| Recorded information |

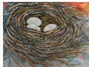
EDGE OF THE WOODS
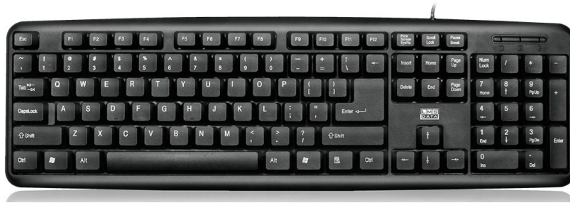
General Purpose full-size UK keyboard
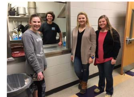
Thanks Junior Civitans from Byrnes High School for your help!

--

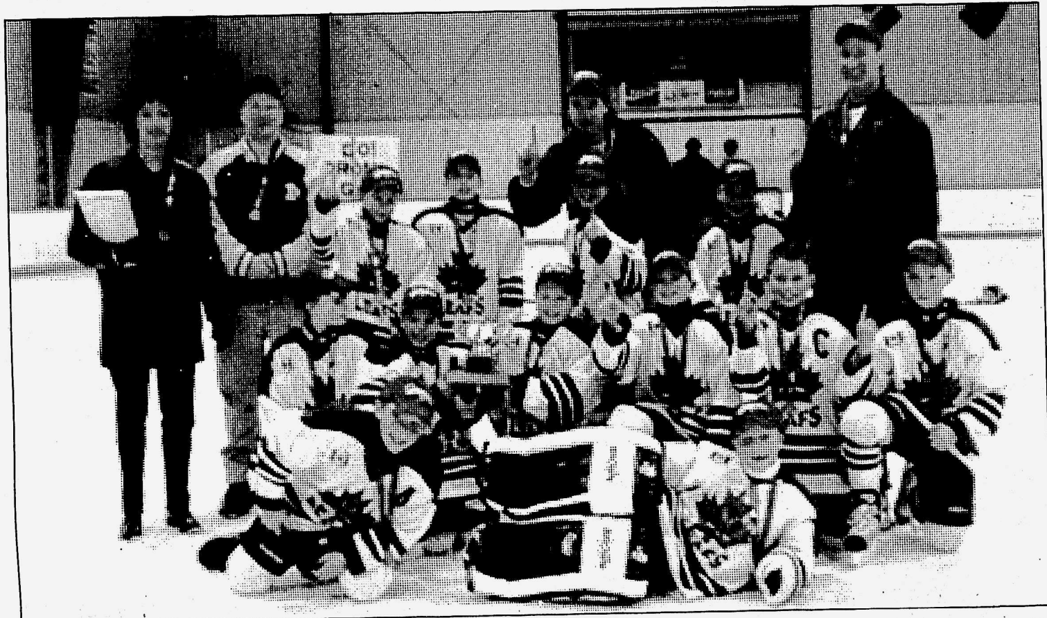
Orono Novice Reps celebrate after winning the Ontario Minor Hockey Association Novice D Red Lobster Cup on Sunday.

--

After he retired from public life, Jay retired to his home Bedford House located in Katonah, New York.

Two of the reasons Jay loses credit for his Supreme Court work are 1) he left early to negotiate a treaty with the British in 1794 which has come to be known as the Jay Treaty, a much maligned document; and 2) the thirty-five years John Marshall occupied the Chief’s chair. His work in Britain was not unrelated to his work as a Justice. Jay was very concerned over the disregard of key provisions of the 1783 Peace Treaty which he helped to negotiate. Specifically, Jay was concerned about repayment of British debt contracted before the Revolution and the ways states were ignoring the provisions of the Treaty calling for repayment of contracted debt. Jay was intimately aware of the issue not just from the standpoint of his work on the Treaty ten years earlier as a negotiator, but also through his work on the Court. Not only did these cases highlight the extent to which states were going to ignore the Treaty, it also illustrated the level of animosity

| Required action |
For every line of the records that has the word "from" in it, make a copy.

| Response to the exercise |
Thanks Junior Civitans from Byrnes High School for your help!
After he retired from public life, Jay retired to his home Bedford House located in Katonah, New York.
Two of the reasons Jay loses credit for his Supreme Court work are 1) he left early to negotiate a treaty with the British in 1794 which has come to be known as the Jay Treaty, a much maligned document; and 2) the thirty-five years John Marshall occupied the Chief’s chair. His work in Britain was not unrelated to his work as a Justice. Jay was very concerned over the disregard of key provisions of the 1783 Peace Treaty which he helped to negotiate. Specifically, Jay was concerned about repayment of British debt contracted before the Revolution and the ways states were ignoring the provisions of the Treaty calling for repayment of contracted debt. Jay was intimately aware of the issue not just from the standpoint of his work on the Treaty ten years earlier as a negotiator, but also through his work on the Court. Not only did these cases highlight the extent to which states were going to ignore the Treaty, it also illustrated the level of animosity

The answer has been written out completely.